#### RECORD EXCERPTS:
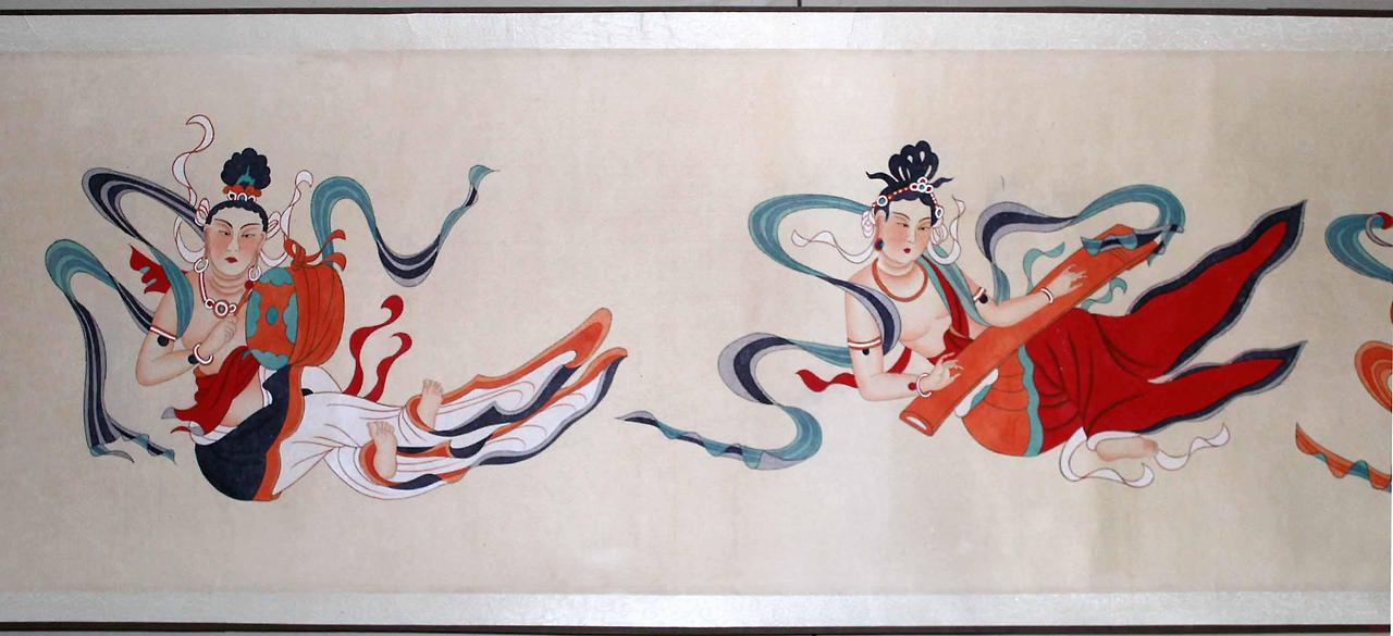 당시 중국 정부는 중일전쟁 및 공산당과 국민당 사이의 내전으로 중국 문화재 보호에 주의를 기울일 여력이 없었다. 그래서 여러 나라에서 노골적으로 돈 황벽 굴의 문화재를 파손하고 훔쳐가도 어찌할 바를 몰라했다. 보다 못한 장대천은 1940년 둔황으로 떠난다. 그리고 그는 체계적으로 동굴을 정리하기 시작한다. 모든 동굴에 일일이 통일된 번호를 달았고 3년이라는 시간을 들여 하나하나의 작품을 임모 하기 시작한다. 1943년 11월 270 여폭의 벽화 임모를 가지고 쓰촨 성 성도에서 전시회를 개최한다. 그림을 살펴보자.
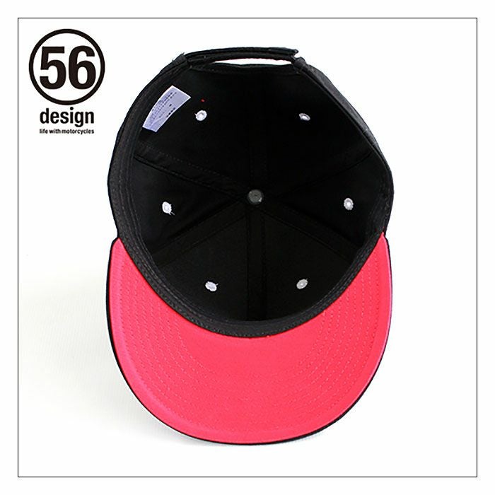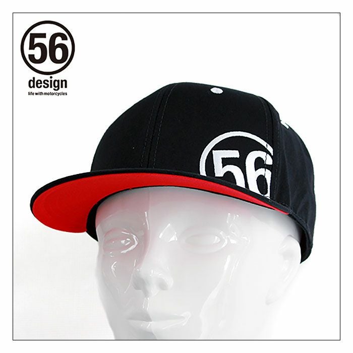 流行のフラットバイザーキャップ。正面には、56のサークルロゴを配し56DESIGN SPORTのロゴを背面のテープに刺繍しました。
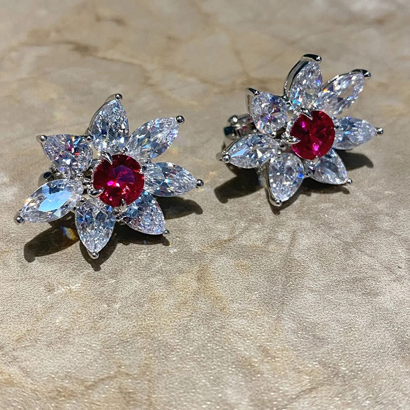 Medieval European and American light luxury earrings water drop horse eye shaped petal earrings floral light luxury flower earrings
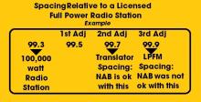 Two years later, the FCC opened an opportunity for the established big broadcasters to apply for what are called “FM Translators.” Translators primarily rebroadcast programming from the big broadcasters, religious broadcast networks, and in certain cases, NPR. FM translators channel placement is much more liberal than low-power radio in where they can fit on the FM band -- with even higher broadcast power than LPFM. NAB supported translators -- which used higher wattages wedged in narrow slots between commercial stations -- but stated LPFM was an interference threat at a lower wattage in wider slots on the band.
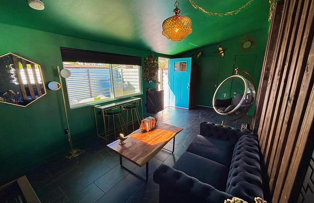 1959 Mid-Century Emerald Eclectic Palm Springs villa is located 10 minutes' drive from Desert Highland Park and invites guests to enjoy a patio.
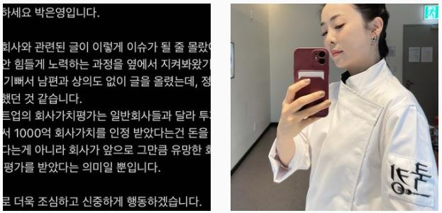 박은영은 2021년 9월 8일 자신의 인스타그램에 "남편 회사와 관련된 글이 이렇게 이슈가 될 줄 몰랐다"라며 "그동안 힘들게 노력하는 과정을 옆에서 지켜봐왔기에 너무 기뻐서 남편과 상의도 없이 글을 올렸는데, 정말 경솔했던 것 같다"고 올렸습니다.
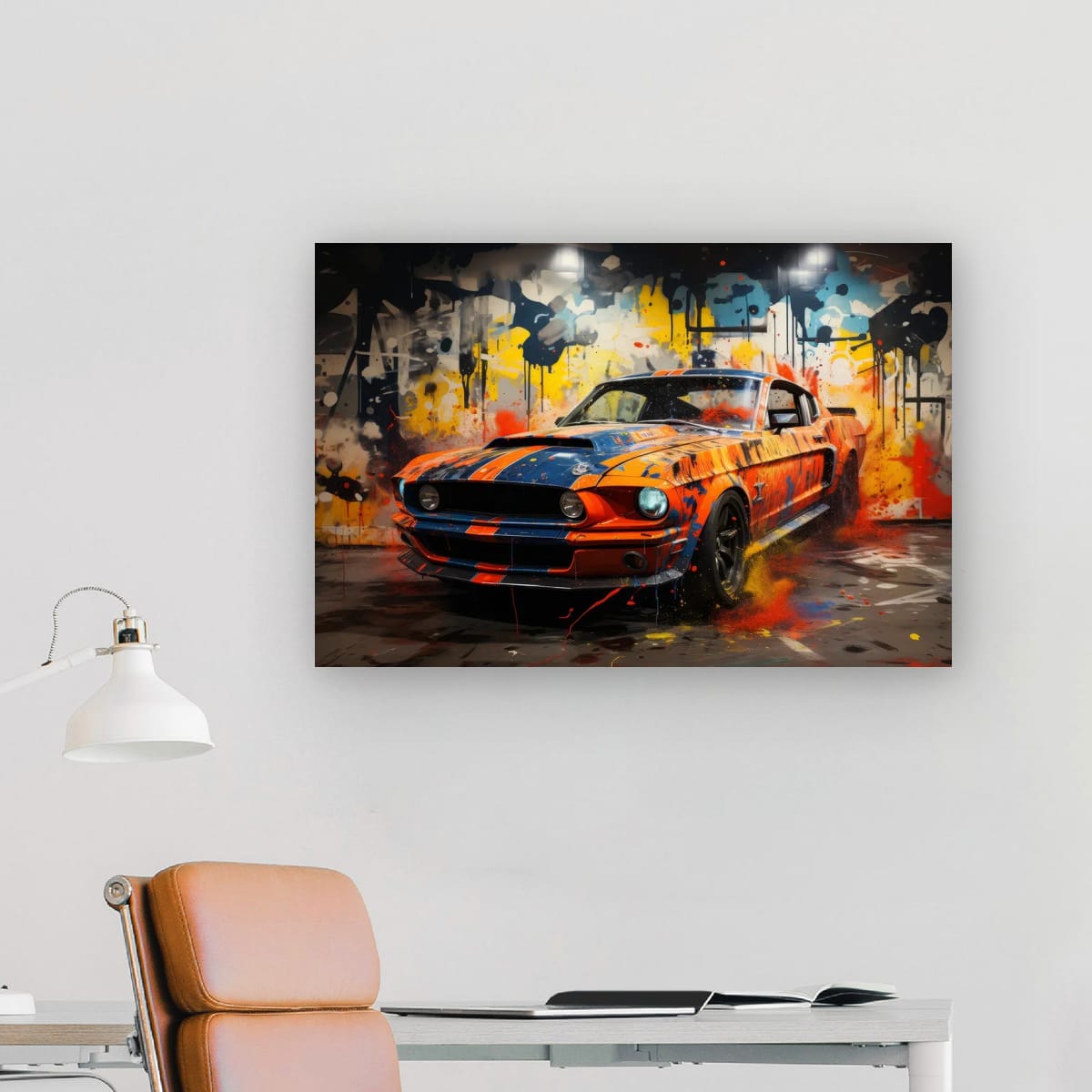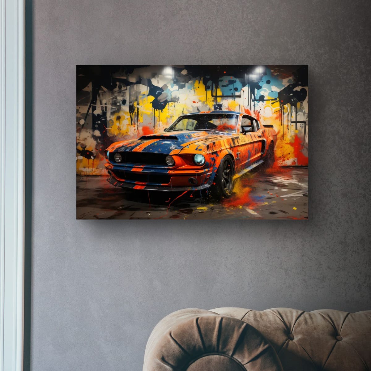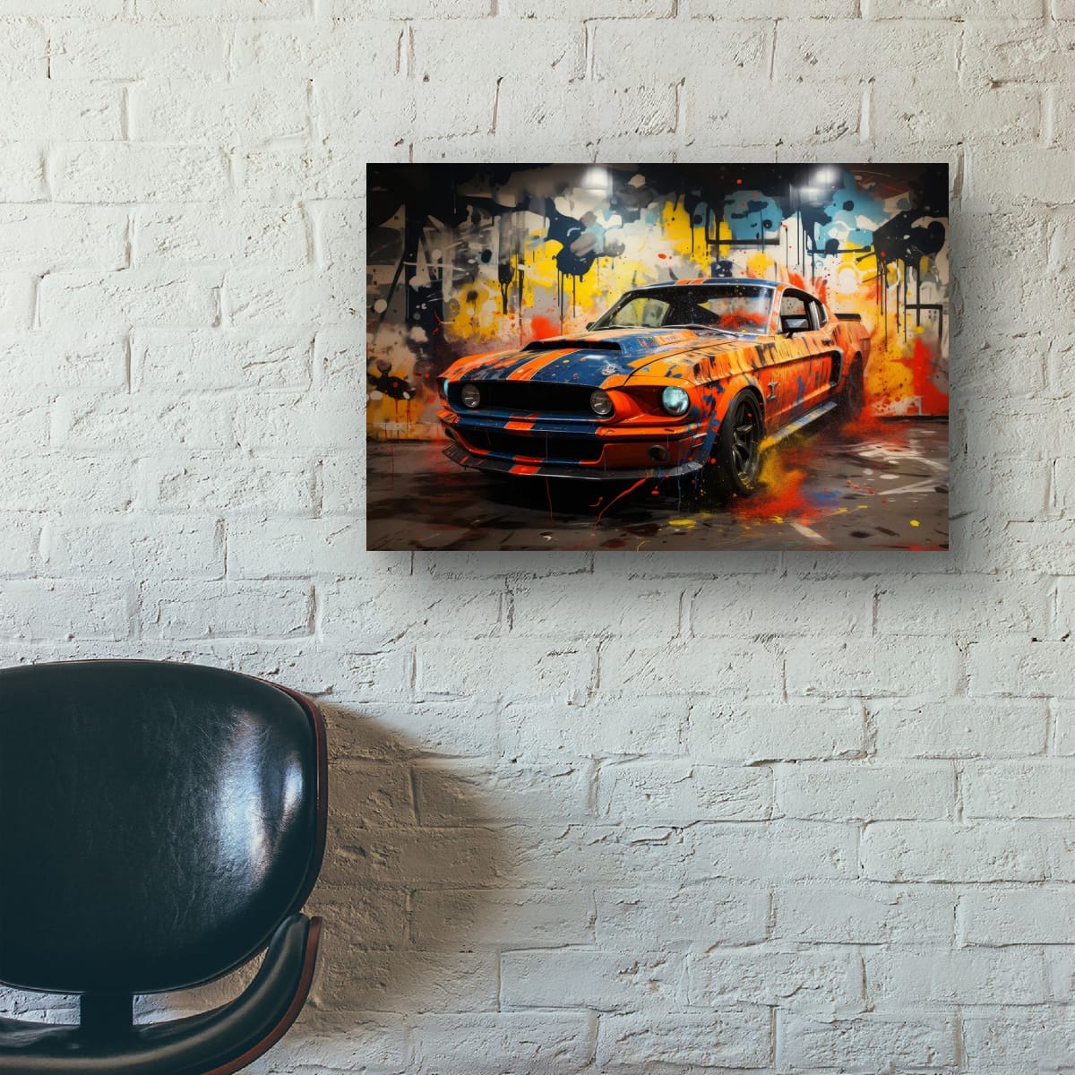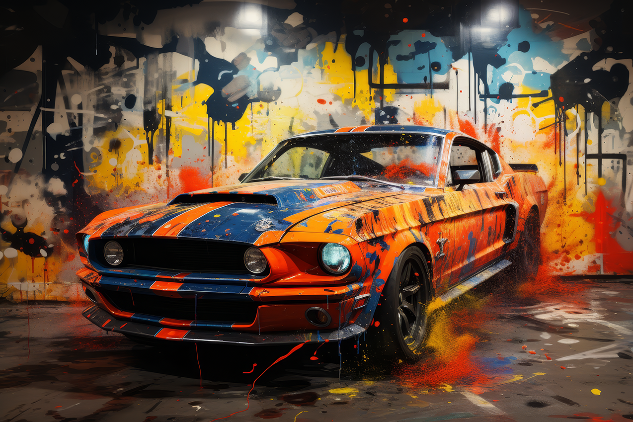 An American muscle icon explodes from the canvas in a riot of colour and motion. Thick paint splashes and aggressive lines amplify the raw energy of the machine, turning horsepower into pure visual noise.

#### TRY IT:
Repeat the entries above exactly as written, but not their pictures.

#### COMPLETED EXERCISE:
 당시 중국 정부는 중일전쟁 및 공산당과 국민당 사이의 내전으로 중국 문화재 보호에 주의를 기울일 여력이 없었다. 그래서 여러 나라에서 노골적으로 돈 황벽 굴의 문화재를 파손하고 훔쳐가도 어찌할 바를 몰라했다. 보다 못한 장대천은 1940년 둔황으로 떠난다. 그리고 그는 체계적으로 동굴을 정리하기 시작한다. 모든 동굴에 일일이 통일된 번호를 달았고 3년이라는 시간을 들여 하나하나의 작품을 임모 하기 시작한다. 1943년 11월 270 여폭의 벽화 임모를 가지고 쓰촨 성 성도에서 전시회를 개최한다. 그림을 살펴보자.
 流行のフラットバイザーキャップ。正面には、56のサークルロゴを配し56DESIGN SPORTのロゴを背面のテープに刺繍しました。
 Medieval European and American light luxury earrings water drop horse eye shaped petal earrings floral light luxury flower earrings
 Two years later, the FCC opened an opportunity for the established big broadcasters to apply for what are called “FM Translators.” Translators primarily rebroadcast programming from the big broadcasters, religious broadcast networks, and in certain cases, NPR. FM translators channel placement is much more liberal than low-power radio in where they can fit on the FM band -- with even higher broadcast power than LPFM. NAB supported translators -- which used higher wattages wedged in narrow slots between commercial stations -- but stated LPFM was an interference threat at a lower wattage in wider slots on the band.
 1959 Mid-Century Emerald Eclectic Palm Springs villa is located 10 minutes' drive from Desert Highland Park and invites guests to enjoy a patio.
 박은영은 2021년 9월 8일 자신의 인스타그램에 "남편 회사와 관련된 글이 이렇게 이슈가 될 줄 몰랐다"라며 "그동안 힘들게 노력하는 과정을 옆에서 지켜봐왔기에 너무 기뻐서 남편과 상의도 없이 글을 올렸는데, 정말 경솔했던 것 같다"고 올렸습니다.
 An American muscle icon explodes from the canvas in a riot of colour and motion. Thick paint splashes and aggressive lines amplify the raw energy of the machine, turning horsepower into pure visual noise.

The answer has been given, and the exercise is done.